The latest twist in the case emerged on Monday, when regional French newspaper Ouest-France published an investigation suggesting that Dupont de Ligonnès may have left a digital footprint several years after his disappearance.

The paper had analysed the posts and profiles of cite-catholique.com – a niche Catholic webforum Dupont de Ligonnès had frequently used through two different accounts to air his loss of faith and other theological frustrations prior to his disappearance.  

Ouest-France said it had now identified a third account potentially linked to the suspect, and that it had been active all the way up until 2017 – some six years after the murders.

The paper had enlisted the help of a stylometry expert, and said that they had found “striking similarities” in the way the person behind the third account expressed themselves, and those that had previously been run by Dupont de Ligonnès. The account had also interacted with many of the same contacts that the suspect used to exchange with, and on at least one occasion, it cited the same perceived contradiction in the Bible – “in virtually identical wording” – which the suspect had once noted in a private letter.   

Claude Alain Roten, another stylometry expert the newspaper spoke to, said “the markers are consistent: the punctuation, the syntactical habits, the accounts that interact … they’re always the same”.

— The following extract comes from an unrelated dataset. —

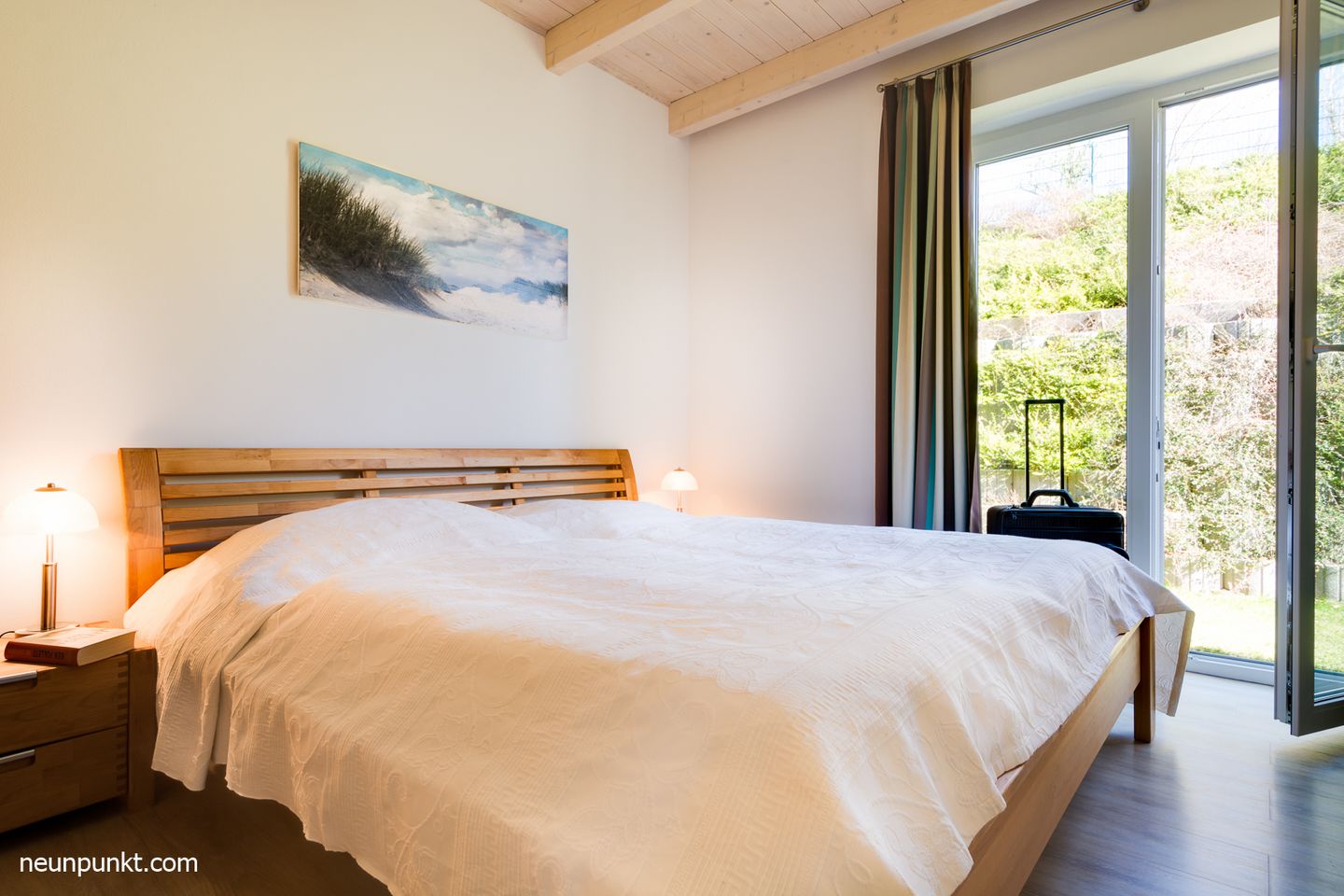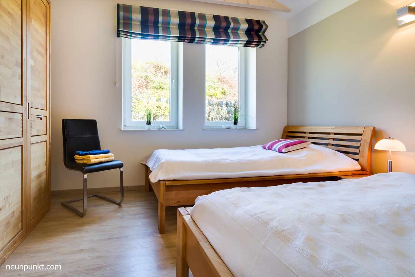 Vom gemütlichen Wohn- und Essbereich mit Elektrokamin und offener Küche bis hin zu den zwei Schlafzimmern (1x mit Doppelbett (2x 90x200 cm), einmal mit zwei Einzelbetten (jeweils 100x200 cm) mit bequemen Betten bietet dieses Ferienhaus umfangreichen Komfort.

Ouest-France also had a theory for why Dupont de Ligonnès – if he is still alive – may have felt the urge to reappear on an online forum. “Studies of long-term fugitives regularly show that total isolation is psychologically difficult to sustain. Most maintain some form of social or intellectual life,” it wrote.

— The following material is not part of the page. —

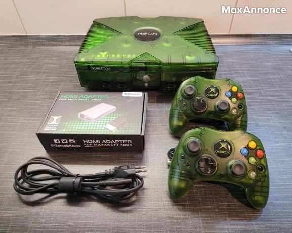 Je mets en vente mon Microsoft Xbox Classic Crystal Vert doté de 128 Mo RAM, 1 To HDD, HDMI très agréable et rare

But, it underscored, “a collection of clues is not proof”, and that a technical data analysis would have to be made to support the hypothesis.

Meanwhile, French broadcaster M6 is on Tuesday set to air a special edition of “Appel à témoins” – a show that appeals to the public for help in solving murder cases – in which it will present “a possible recent proof of life” of the suspect. The investigator presenting the “evidence” is the same retired police officer who visited Texas back in March.

In all, police have received more than 1,850 tips related to Dupont de Ligonnès and his disappearance since the 2011 murders. But so far, none of them have led to any breakthroughs in the investigation.